Sejak tahun 1991, tepatnya sejak dikeluarkannya Peraturan Pemerintah Republik Indonesia Nomor 15 Tahun 1991 tentang SNI dan Keputusan Presiden Republik Indonesia Nomor 12 Tahun 1991 tentang Penyusunan Penerapan dan Pengawasan Standar Nasional Indonesia (SNI); mulai terjadi transisi penerapan standar mutu dari produk luar negeri ke dalam produk dalam negeri. Kegiatan diawali dengan mengusulkan 400 konsep standar mutu bidang jalan dan jembatan untuk mendapatkan sertifikasi SNI. Tahapan tersebut lebih diperjelas lagi dengan berlakunya Peraturan Pemerintah Republik Indonesia Nomor 102 Tahun 2000 tentang Standardisasi Nasional yang mewajibkan kepada penyedia jasa dan pengguna jasa untuk memiliki dan menerapkan SNI agar diperoleh suatu pandangan keseragaman mutu konstruksi Indonesia. Berkaitan dengan pelaksanaan perundangan tersebut, Bapekin (2003.a) selaku instansi pembina dari Departemen Kimpraswil yang bertugas untuk membina jasa kontruksi dan investasi, melakukan program aksi sebagai berikut: (i) melaksanakan sosialisasi pemberlakuannya; (ii)

mengawasi distribusinya; (iii) mengevaluasi substansinya yang dikaitkan dengan SDM, peralatan, biaya, material dan lingkungan setempat; dan (iv) memantapkan pemahaman para pelaksana pembangunan melalui program-program pelatihan mutu konstruksi.
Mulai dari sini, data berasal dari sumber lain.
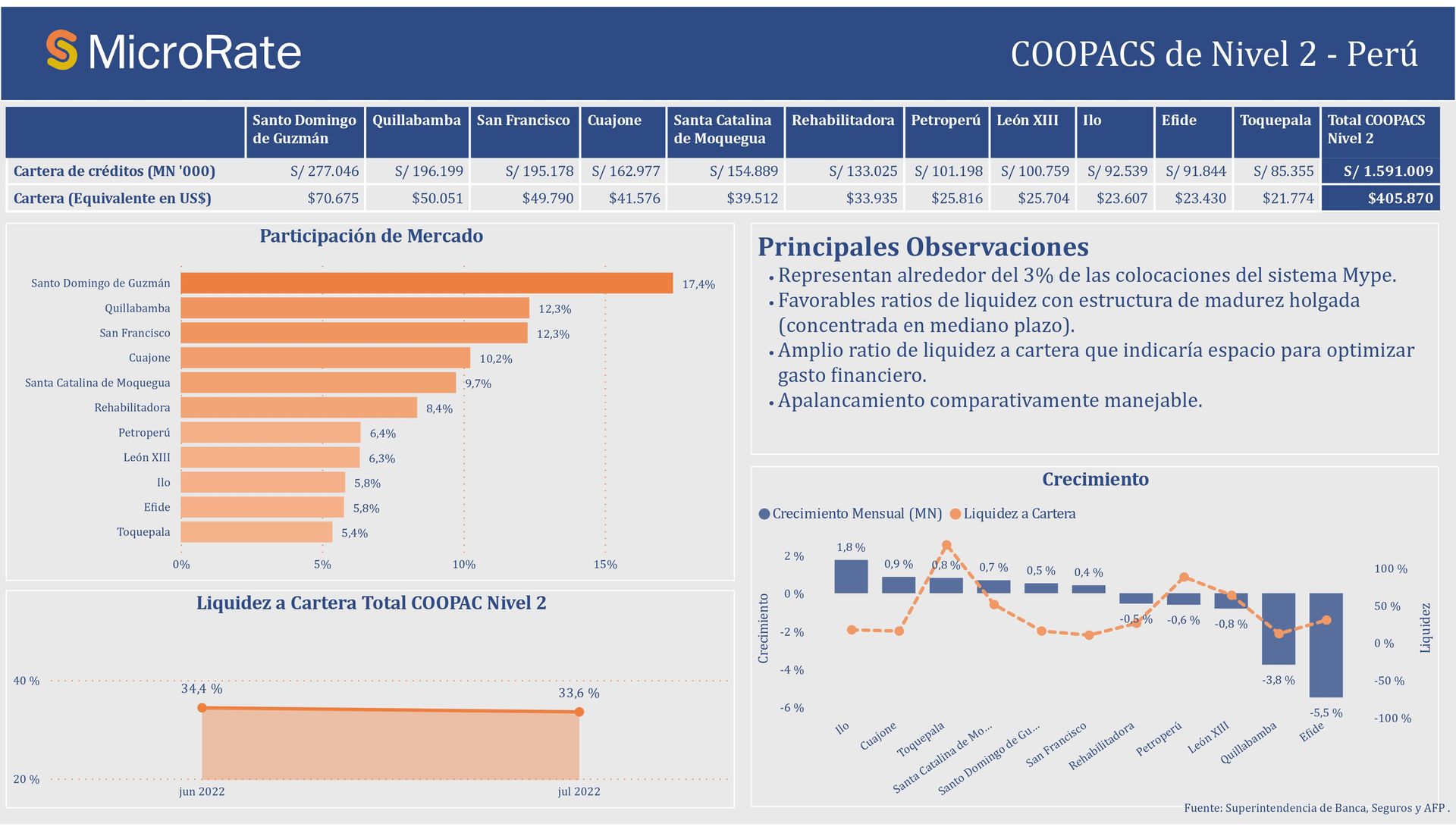 En este Benchmark compartimos un resumen de los resultados del sector COOPAC, anotando aspectos relevantes observados en el desempeño de las Coopac peruanas de nivel 2 a Julio 2022.

Balitbang Depkimpraswil (2002.a & 2002.b) telah menyusun standar peraturan atau NSPM (Norma, Standar, Pedoman, Manual) bidang konstruksi dan bangunan sebagai standar mutu yang diterapkan dalam pekerjaan pembangunan prasarana dan sarana kimpraswil bagi masyarakat. NSPM tersebut dikelompokkan menjadi 2 (dua) bagian, yaitu: (i) metode, spesifikasi dan tatacara, yang ditetapkan oleh BSN sebagai standar rujukan dalam penyusunan spesifikasi teknis dan pedoman pelaksanan (ii) pedoman/petunjuk teknik dan manual yang disahkan oleh Menteri Kimpraswil. Dalam perkembangannnya, Balitbang Departemen PU (2005.a) telah membuat Spesifikasi Umum Bidang Jalan dan Jembatan sebagai standar mutu untuk pembangunan perkerasan jalan baru dan peningkatan serta pemeliharaaan jalan lama, yang terdiri atas 11 divisi yaitu: (i) divisi-1 (penjelasan umum): 4 (empat) seksi; (ii) divisi-2 (drainase jalan): 4 (empat) seksi; (iii) divisi-3 (pekerjaan tanah): 4 (empat) seksi; (iv) divisi-4 (pelebaran perkerasan jalan dan bahu jalan): 2 (dua) seksi; (v) divisi-5 (perkerasan berbutir dan beton semen): 7 (tujuh) seksi; (vi) divisi-6 (perkerasan beraspal): 7 (tujuh) seksi; (vii) divisi-7 (struktur jembatan): 18 seksi; (viii) divisi-8 (pengembalian kondisi): 4 (empat) seksi; (ix) divisi-9 (pekerjaan harian): satu seksi; (x) divisi-10 (pemeliharaan rutin): 2 (dua) seksi; dan (xi) divisi-11 (perlengkapan jalan dan utilitas): 4 (empat) seksi. Setiap seksi tersebut terdiri atas: (i) standar-standar mutu yang digunakan sebagai rujukan (produk SNI, AASHTO, BSI); (ii) standar metode pelaksanaan yang terdiri atas persyaratan bahan kontruksi, peralatan dan tata cara kerja; (iii) standar pengendalian mutu; dan (iv) standar pengukuran dan pembayaran hasil pekerjaan. Dalam pembahasan standar mutu perkerasan lentur jalan ini digunakan acuan divisi-3; divisi-5 dan divisi-6.